Замечательные женщины, стр. 12

– Интересно… – задумчиво произнесла вдруг Уинифред. – Интересно, а какое у нее имя?

Глава 6

Великий пост в этом году начался в феврале, и погода стояла холодная, с ледяным дождем и пронизывающим ветром. Контора, где я вела дела моих обедневших дам, располагалась в Белгравии, и по средам я обыкновенно ходила на дневные службы в Сент-Эрмин.

Церковь сильно пострадала при бомбежке, и пользоваться можно было только одним нефом, поэтому он всегда казался переполненным – даже сравнительно небольшому числу прихожан приходилось тесниться в неповрежденном проходе. Это давало нам ощущение сплоченности и отделенности от остального мира, поэтому паства напоминала мне первых христиан, окруженных, надо признать, не львами, но суматохой и суетой обеденного перерыва в будний день.

В Пепельную среду я, как обычно, пошла в церковь с миссис Боннер, еще одной нашей сотрудницей, которую привлекал главным образом сам проповедник, так как, по ее собственному признанию, она любила хорошие проповеди. Мы поспешно съели ленч (безвкусные спагетти, за которыми последовал передержанный пудинг – самая подходящая еда для Великого поста, как мне кажется) и пришли задолго до начала службы. Пробравшись через развалины, где были сложены грудами сорванные настенные плиты, случайная урна или голова херувима, мы наткнулись на маленькую седенькую женщину, разогревавшую кофе в сковородке на примусе, что казалось совершенно неуместным посреди такого разорения.

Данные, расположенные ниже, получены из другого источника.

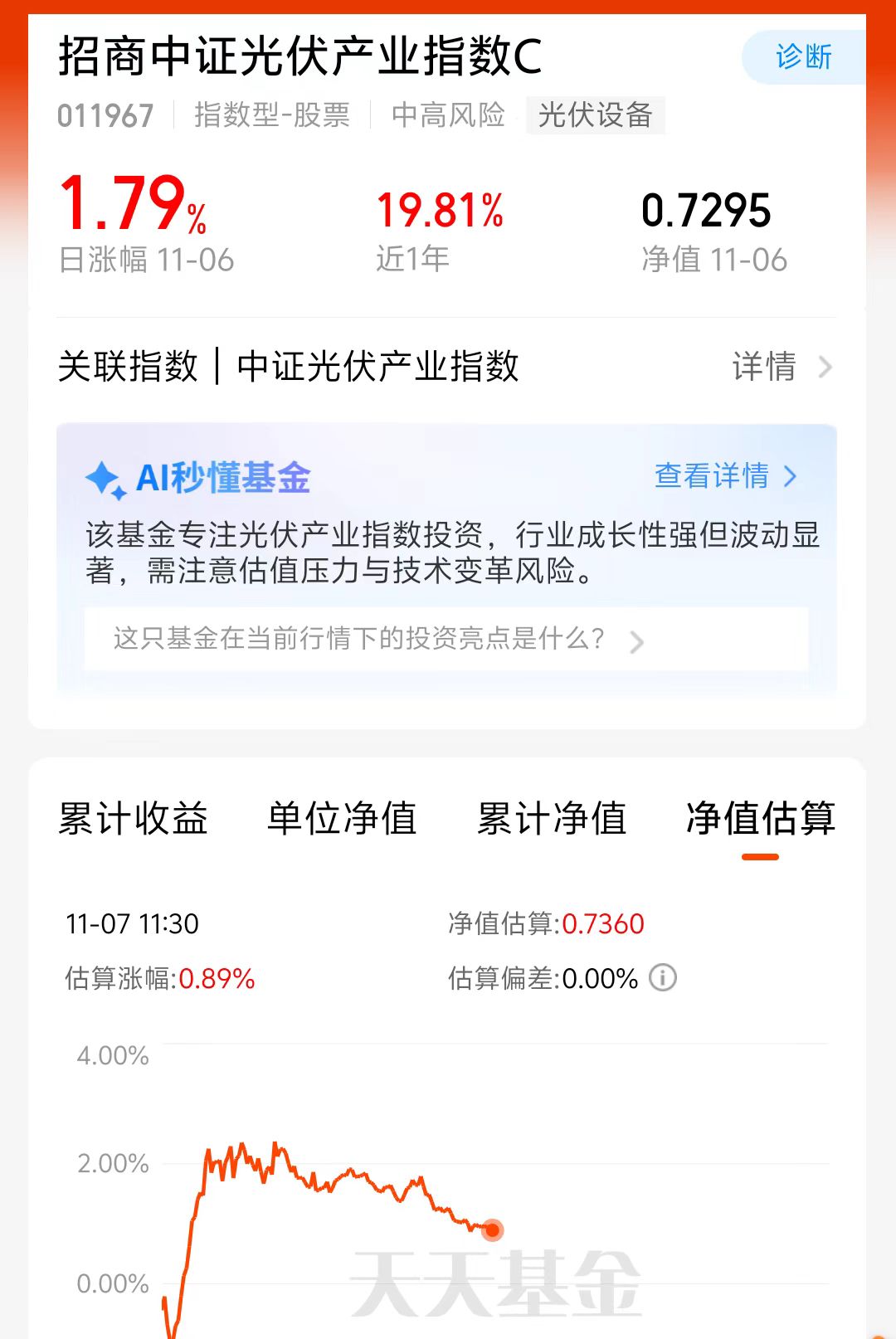 随着多晶硅重组“联合体”平台筹划中的消息落地,是从传闻走向筹划,直接点燃了光伏板块的行情,今日早盘光伏板块持续走强,通威股份涨停,多个股大涨,领涨整个市场。我是借助$招商中证光伏产业指数C$ 011967来跟上这波光伏的行情,该基昨日上涨了1.79%,今日早盘估值继续上涨,看第三季度的报告,现在光伏各个环节的利润已经开始逐渐好转,再有政策的加持,其前景还是比较可光的,我先布局上!

Миссис Боннер удобно устроилась в ожидании удовольствия и стала разглядывать входящих, точно присутствовала на светской свадьбе. Боюсь, она нашла их не слишком интересными, поскольку это были различные конторские служащие да несколько старушек и унылых старых дев, которые повсюду составляют часть паствы. Исхудавший священник в порыжелой черной сутане маячил у двери, а его жена суетилась среди входящих, стараясь помешать им последовать естественной склонности и сгрудиться в задних рядах, не оставляя места для опоздавших.

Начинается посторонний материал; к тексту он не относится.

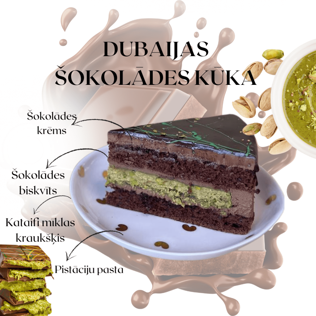 Sastāvs: pistāciju gabaliņi, pistāciju pasta, kataifi mīkla, svaigais siers, saldais krējums, kviešu milti, cukurs, kefīrs, piena un tumšā šokolāde, olas, kakao pulveris, etiķis, dzeramā soda, cepamais pulveris, sāls.

Я сидела смирно, иногда оглядываясь по сторонам, и в один из таких моментов, к своему удивлению и огорчению, обнаружила, что смотрю прямо на Иврарда Боуна, который как раз входил в церковь. Он тоже посмотрел на меня, но как будто не узнал. Наверное, я была неотличима от множества других женщин в невзрачных зимних пальто и простых шляпках и порадовалась своей безликости. Но его трудно было не заметить. Отлично сшитое пальто, длинный нос и светлые волосы сразу бросались в глаза среди царящей вокруг серости. Мне показалось, я почти поняла, насколько привлекательным он мог казаться любому, кого тянет к трудному, необычному и даже неприятному.

– Какой интересный мужчина… Хотя нос у него чуточку длинноват, – громким шепотом произнесла миссис Боннер, когда Иврард сел на скамью впереди нас.

Я не ответила, зато поймала себя на мысли, что не могу о нем не думать. Уж его-то я никак не ожидала тут увидеть. Наверное, по невежеству я всех антропологов считала неверующими, но появление Иврарда Боуна основательно поколебало мою самоуверенность. С другой стороны, он, возможно, пришел из профессиональных соображений: чтобы изучать наше поведение с прицелом написать статью в какой-нибудь научный журнал. Надо будет расспросить Елену при следующей встрече.

Маленькая седая женщина – возможно, та самая, которая варила в развалинах кофе, – села за фисгармонию и заиграла вступление к гимну Великого поста. Собравшиеся пели от всего сердца, пусть и немного нестройно, и мною овладели смирение и стыд за нехристианские мысли об Иврарде Боуне. Несомненно, он лучший человек и лучший христианин, чем я, что, впрочем, не так уж сложно. А кроме того, почему, собственно, он мне не нравится? Из-за своего длинного носа и того, что мне было трудно с ним разговаривать? Или из-за его дружбы или что у них там с Еленой Нейпир? Последнее уж точно было не моим делом.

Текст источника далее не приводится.